Open
Conversation
- Workspace root: add hip-rwkv workspace dep (path ../../hip-rwkv), update web-rwkv to 0.10.19, add [patch.crates-io] web-rwkv path to ensure single source of truth - ai00-core: add hip feature gating dep:hip-rwkv (optional) - ai00-server: forward hip feature to ai00-core/hip
Add Backend enum (WebGpu/Hip) to reload.rs with Default impl defaulting to WebGpu. Add backend field with #[serde(default)] to Model struct and ReloadRequest, wire through TryFrom<Config>, and add commented-out example to Config.toml. Existing config files without a backend field continue to work via serde default.

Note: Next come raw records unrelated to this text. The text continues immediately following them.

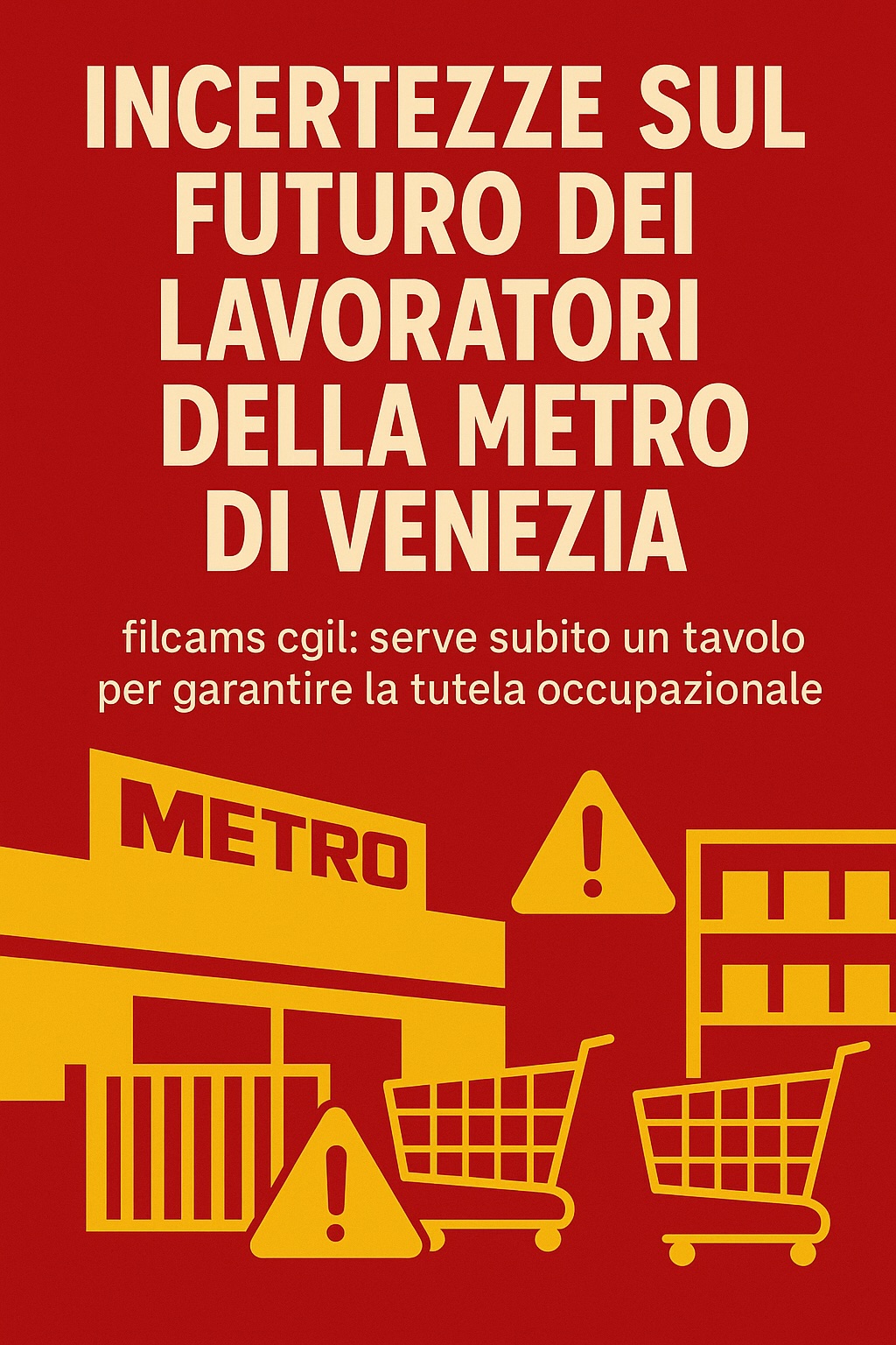 La Filcams-CGIL di Venezia insieme alle RSU esprime profonda preoccupazione per il futuro dei 42 lavoratori della Metro di Venezia, in particolare alla luce della prossima scadenza, tra sei mesi, del contratto di affitto.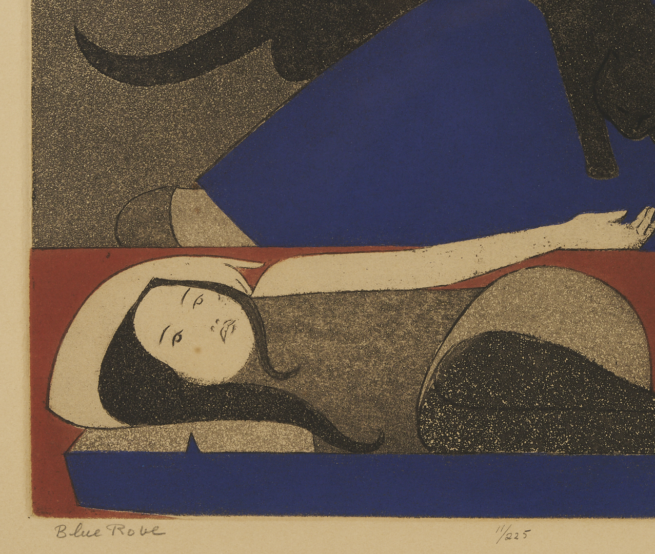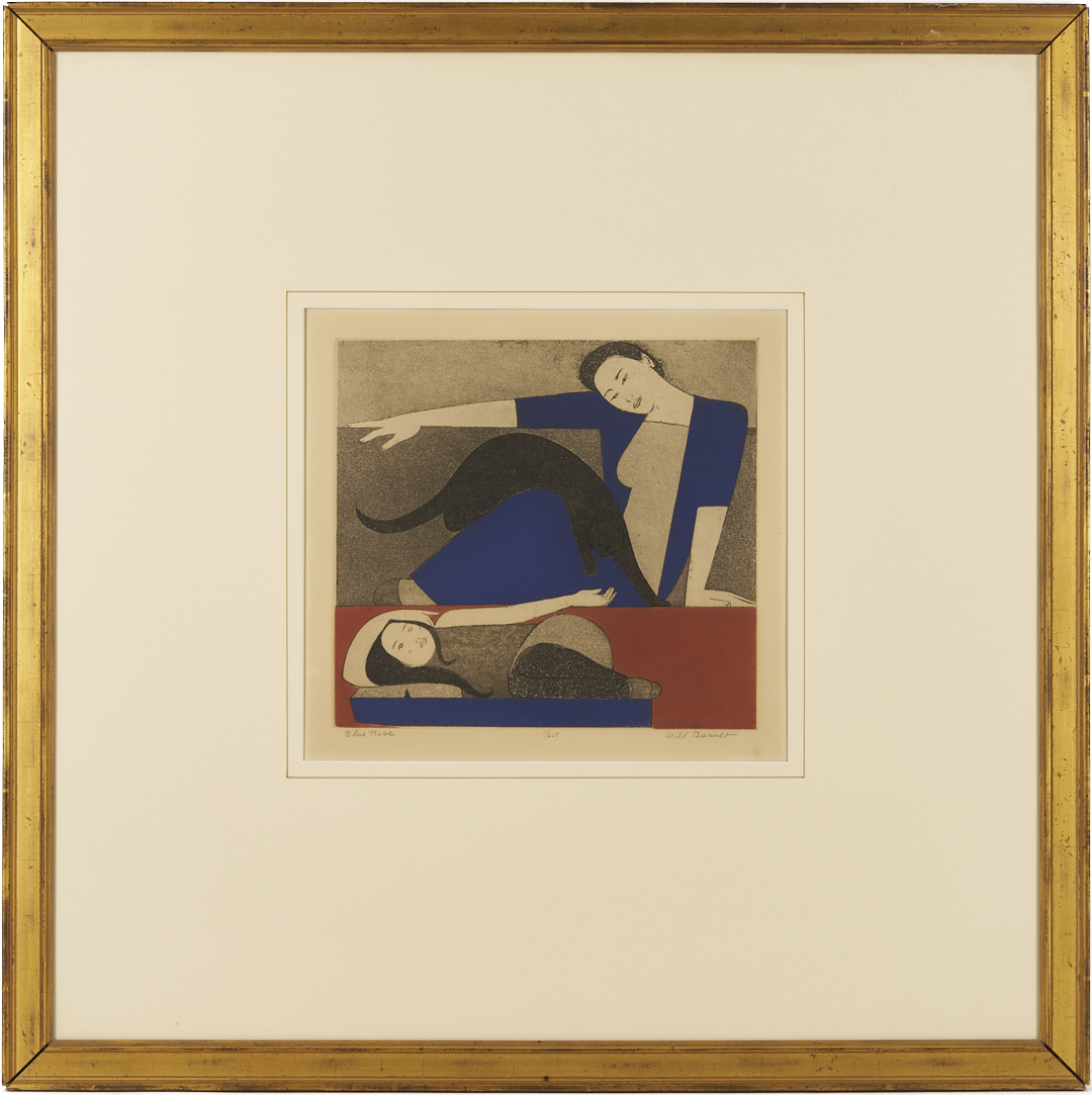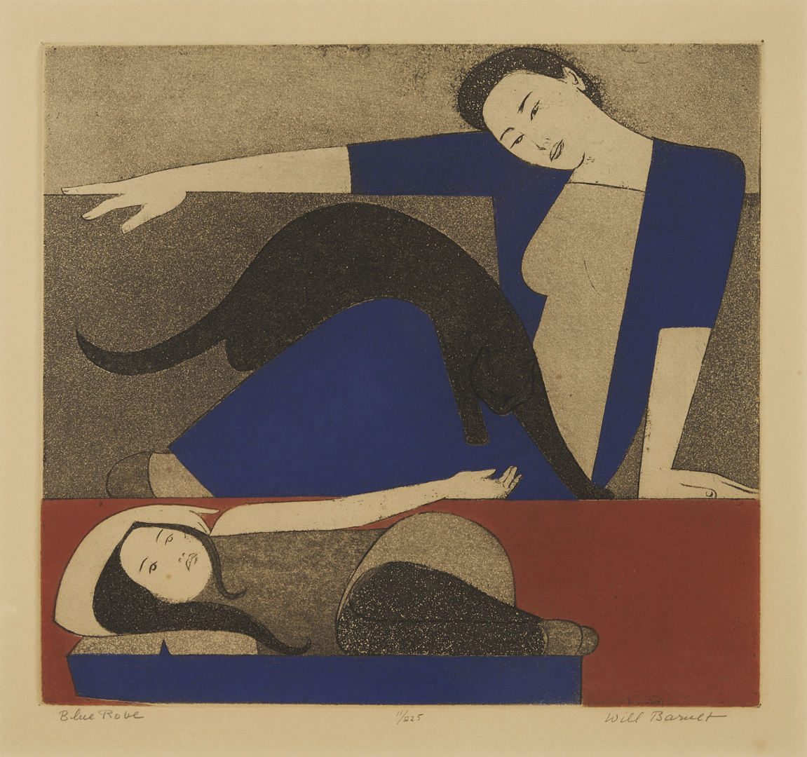 Will Barnet (American, 1911-2012) color aquatint and etching on wove paper, “Blue Robe,” 1971. A woman and a girl recline as they watch a black cat step over the woman’s lap. Signed, titled, and numbered 11/225 in pencil, lower margin. Housed under acrylic in a giltwood frame with cream mat and French line. Sight: 14 1/8 in. H x 15 1/8 in. W. Framed: Ref.: Cole 144.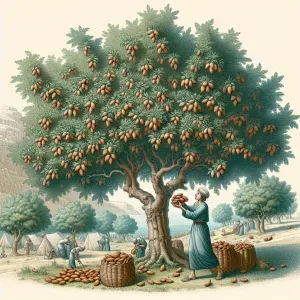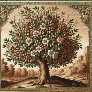 «7th century Middle East image of a beautiful almond tree. Someon...»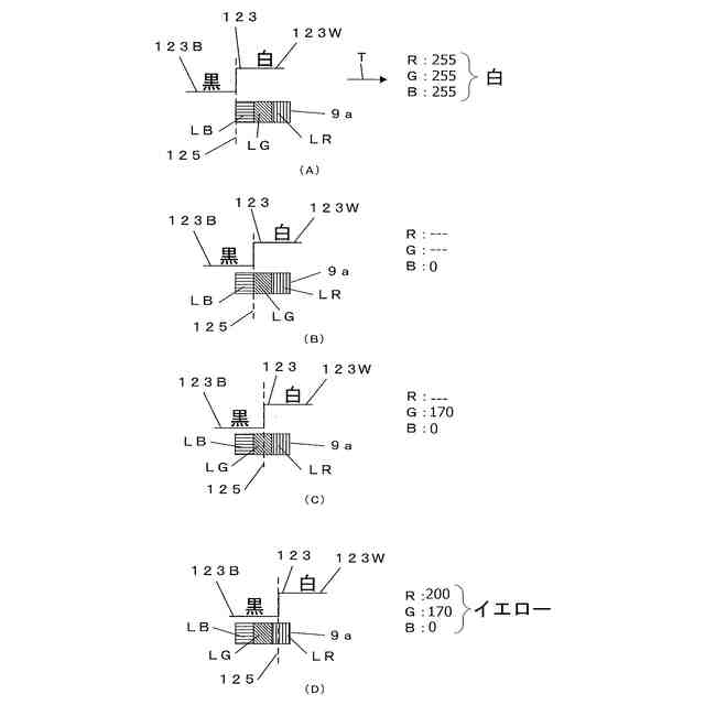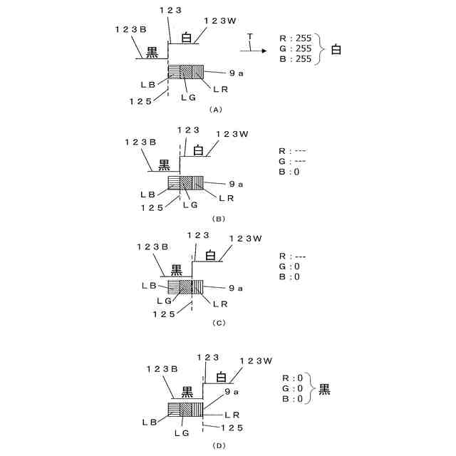 搬送速度に変化がなく、色ずれが発生しない場合の原稿とセンサRGBとの位置関係の変化について説明するための図であり、図3(A)は、黒色領域の取り込みを開始する直前における、原稿とセンサRGBとの位置関係を示し、図3(B)は、青色センサが黒色領域を取り込むタイミングにおける、原稿とセンサRGBとの位置関係を示し、図3(C)は、緑色センサが黒色領域を取り込むタイミングにおける、原稿とセンサRGBとの位置関係を示し、図3(D)は、赤色センサが黒色領域を取り込むタイミングにおける、原稿とセンサRGBとの位置関係を示す。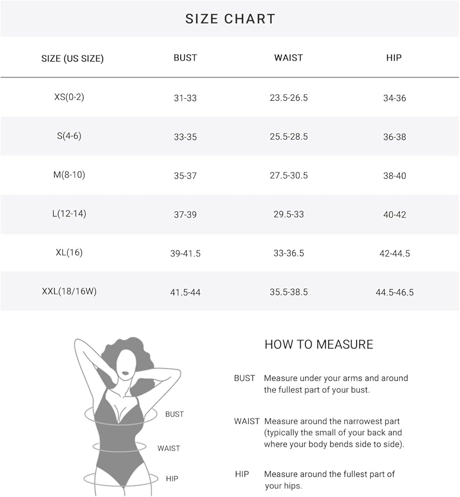 To achieve the perfect fit, please first take accurate measurements and then consult our size chart, which has been carefully crafted to suit our swimwear designs. Size: S (US 4-6), M (US 8-10), L (US 12-14), XL (US 16), XXL (US 18).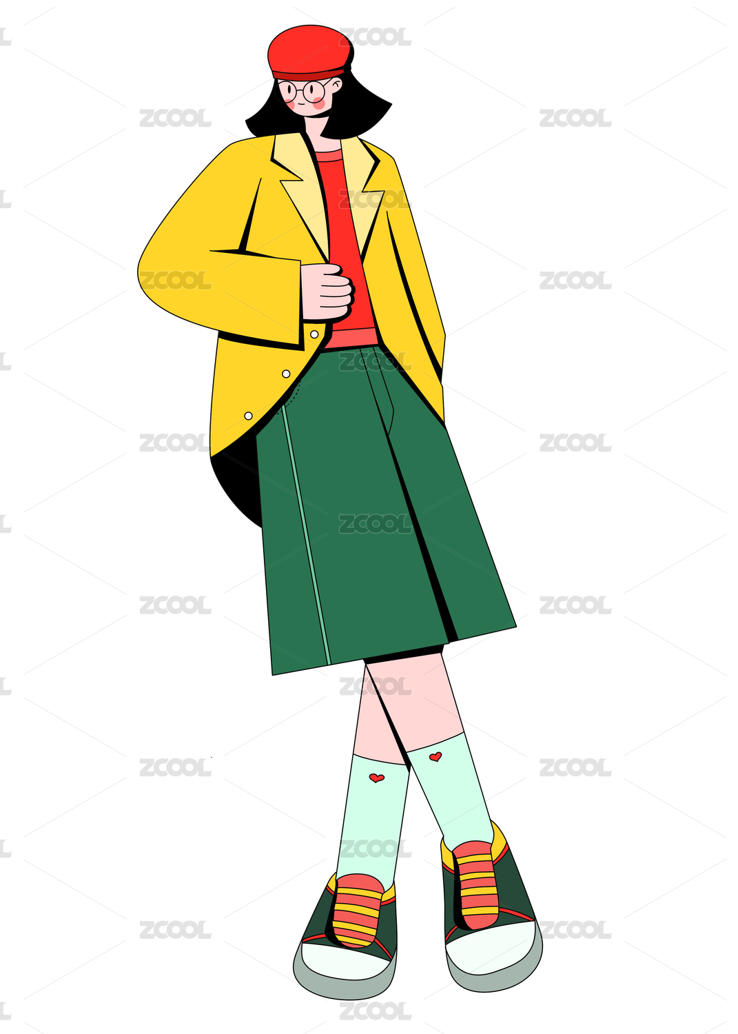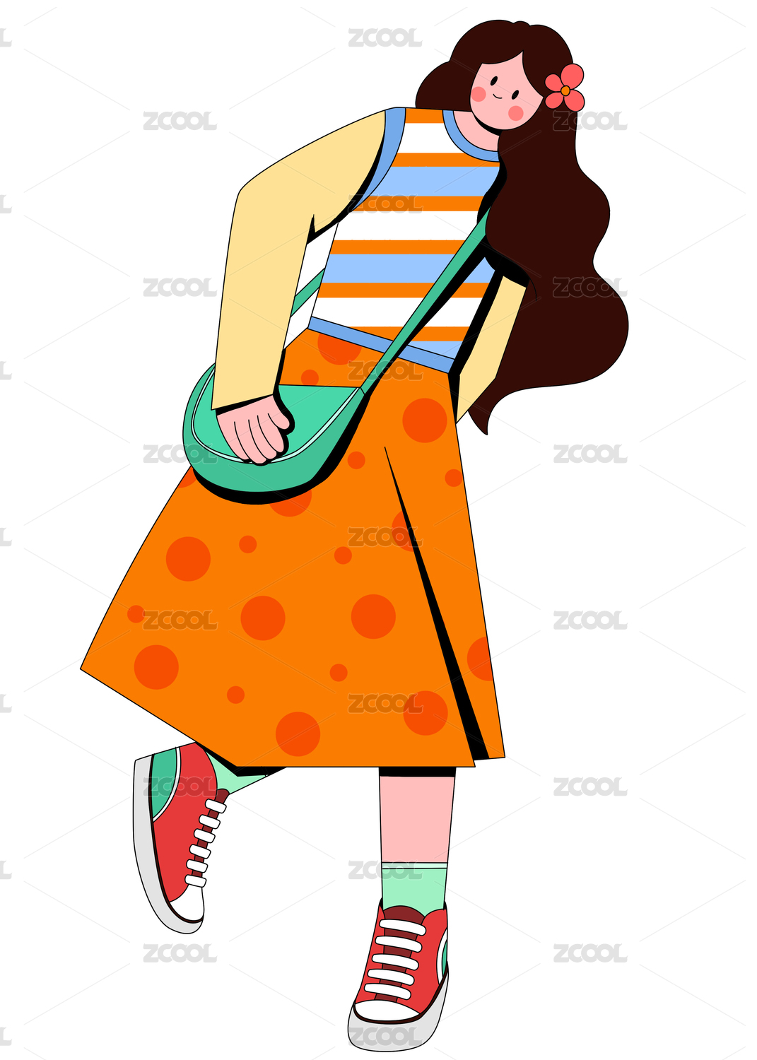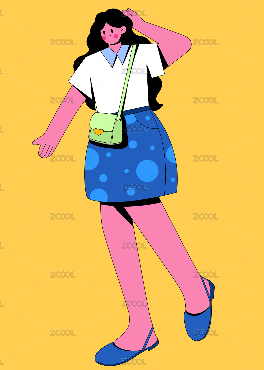 扁平风描边小清新波点短裙女孩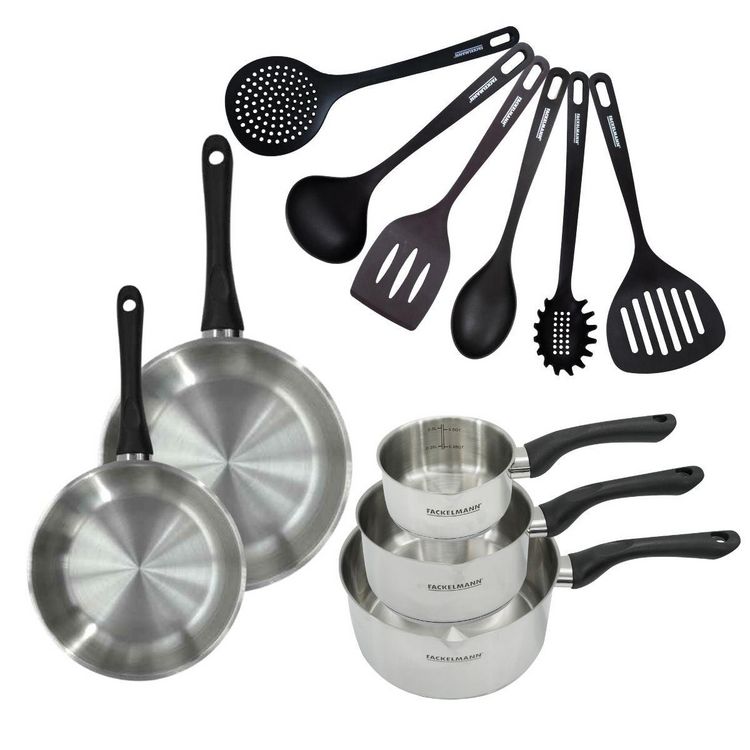- DESCRIPTION: Set Fackelmann Geneva de 2 poêles de 20 et 24 cm, 3 casseroles de 12, 16 et 20 cm, et 6 ustensiles de cuisine et de service , idéal pour 1 à 4 personnes

Implements web_rwkv::runtime::model::State for the HIP backend, bridging ai00's TensorCpu<f32> state format with hip-rwkv's native HipState format. Includes state format conversion between the v7 WebGPU layout [n_embd, head_size+2, n_layer, 1] and HipState's per-layer PinnedBuffer components with f32<->f16 conversion for shift states. The att/ffn/write/read methods return errors since HIP doesn't support per-layer GPU state manipulation.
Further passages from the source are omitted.